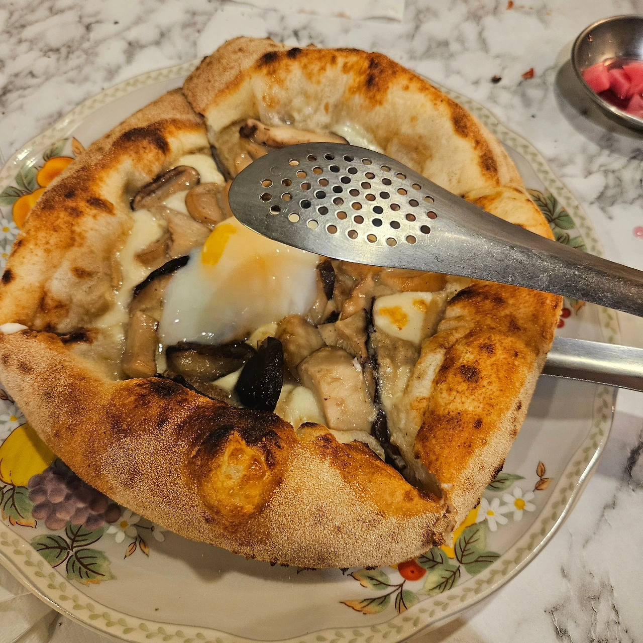 업무 특성상 직원 대부분이 중장년이라 회식장소로 피자집보다는 고깃집이었다. 신라호텔 출신 셰프가 하는 분위기 있는 화덕피자집이었다. 피자도 파스타도 샴페인도 맛있었다. 샴페인 맛은 사과 스파클링 주스인데 알콜 도수가 있는지 알딸딸했다.
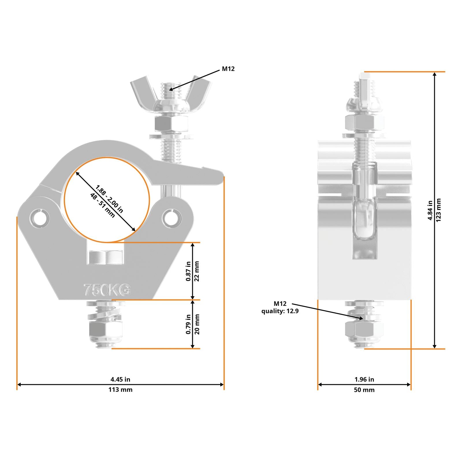 Featuring a width of 50mm and a load capacity of 750kg, this coupler is compatible with truss diameters between 48-51mm and is ideal for heavy loads. The fixture is secured by an M12 hexagonal self locking nut and bolt; the coupler clasp operates with an M12 wing nut.
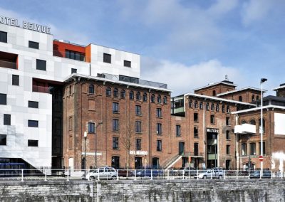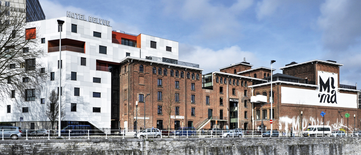 La construction de l’hôtel BELVUE s’insère sur le site des anciennes brasseries Bellevue.  Cet hôtel est un concept totalement innovant puisqu’il est non seulement un équipement touristique de qualité, avec une salle de séminaire, mais aussi un espace de formation pratique professionnelle aux métiers de l’hôtellerie et de l’Horeca.
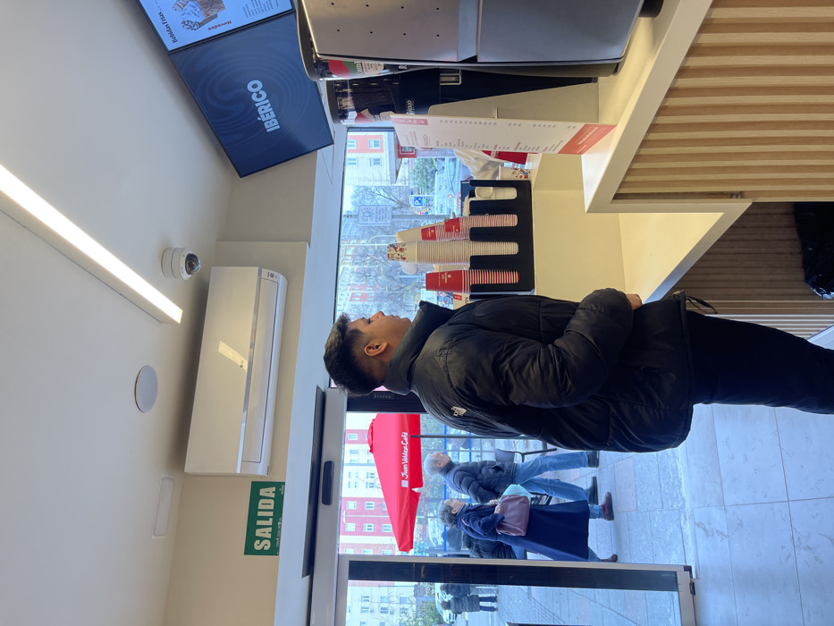 - "The image depicts the interior of a cafe or quick-service restaurant, looking out onto a city street, likely in Madrid, Spain" by FM-Uiavu2, licensed under CC BY 4.0
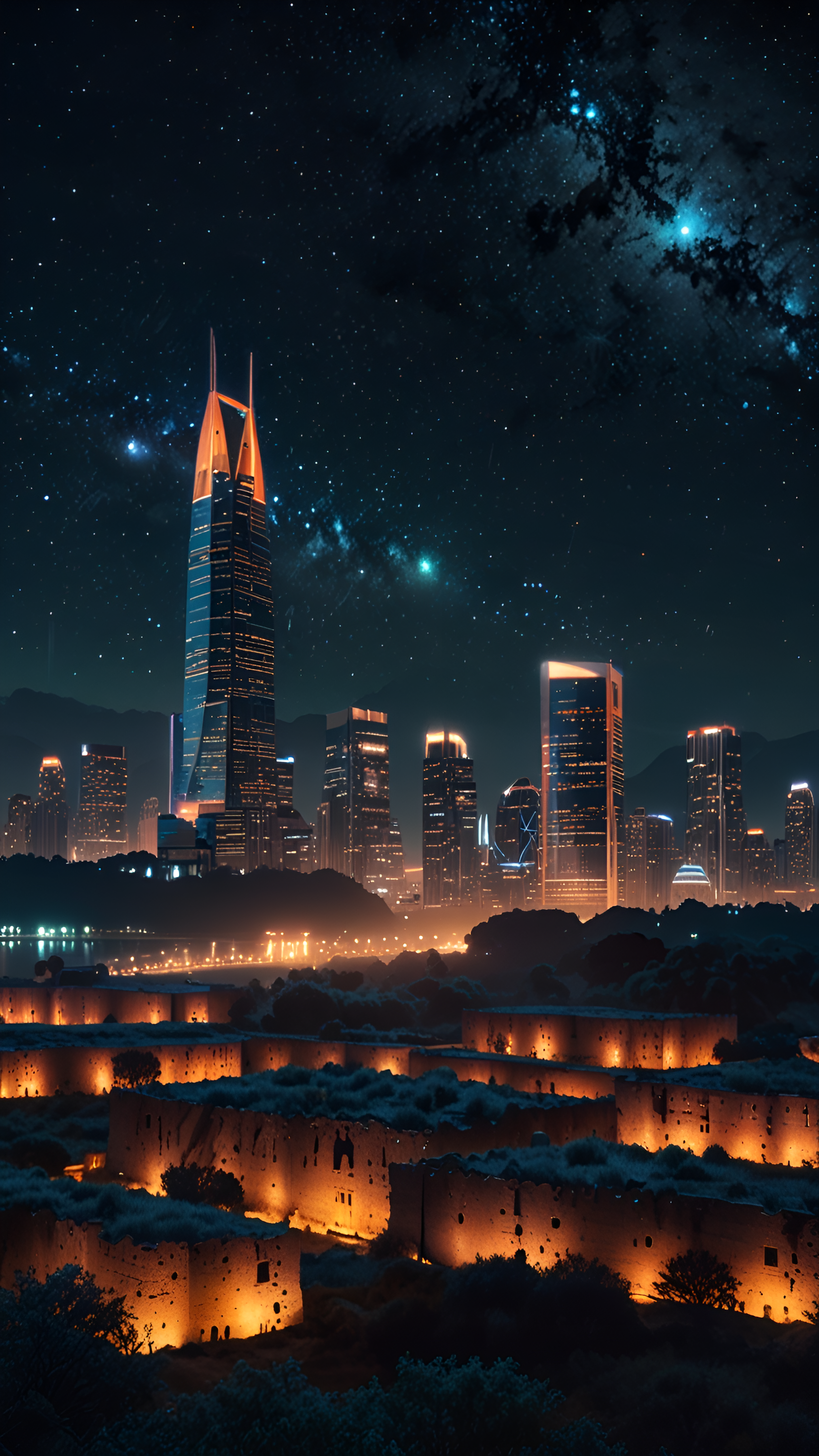 Experience the magic of twilight with this cityscape wallpaper, where the city lights blend seamlessly with a breathtaking starlit sky. A vibrant and inspiring backdrop for your device.
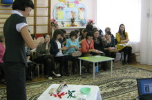 Килгән кунакларны балаларның каршылаулары.Семинар бишек җыры белән башланып китте. Балалар үзләренең гаиләләре, балалар бакчасы, Туган ил турында шигырьләр сөйләделәр.
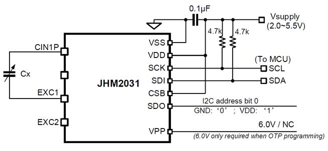 JHM2031温湿度应用时,属于单点容测量(芯片本身支持单点容,差分电容,全桥电容三种测量方式),典型应用如下:其中Cx为湿敏电容,通过简单的外围电路(去耦电容,IIC上拉电阻),即可实现对环境温湿度的测量。
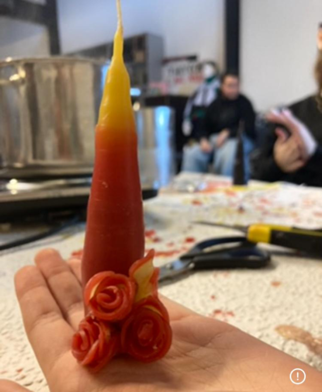 Ihr seid eingeladen, eure eigenen Kerzen zu ziehen. Duftender (Bienen)Wachs wird geschmolzen, der Docht getaucht und so entsteht schichtweise und nach alter Tradition eine handgemachte Kerze.

○ ○ ○

**Aim of the exercise**
Write out exactly the lines from the line containing "under CC BY 4.0" through the last line of the listing above, please, and leave out any pictures.

**Task answer**
 - "The image depicts the interior of a cafe or quick-service restaurant, looking out onto a city street, likely in Madrid, Spain" by FM-Uiavu2, licensed under CC BY 4.0
 Experience the magic of twilight with this cityscape wallpaper, where the city lights blend seamlessly with a breathtaking starlit sky. A vibrant and inspiring backdrop for your device.
 Килгән кунакларны балаларның каршылаулары.Семинар бишек җыры белән башланып китте. Балалар үзләренең гаиләләре, балалар бакчасы, Туган ил турында шигырьләр сөйләделәр.
 JHM2031温湿度应用时,属于单点容测量(芯片本身支持单点容,差分电容,全桥电容三种测量方式),典型应用如下:其中Cx为湿敏电容,通过简单的外围电路(去耦电容,IIC上拉电阻),即可实现对环境温湿度的测量。
 Ihr seid eingeladen, eure eigenen Kerzen zu ziehen. Duftender (Bienen)Wachs wird geschmolzen, der Docht getaucht und so entsteht schichtweise und nach alter Tradition eine handgemachte Kerze.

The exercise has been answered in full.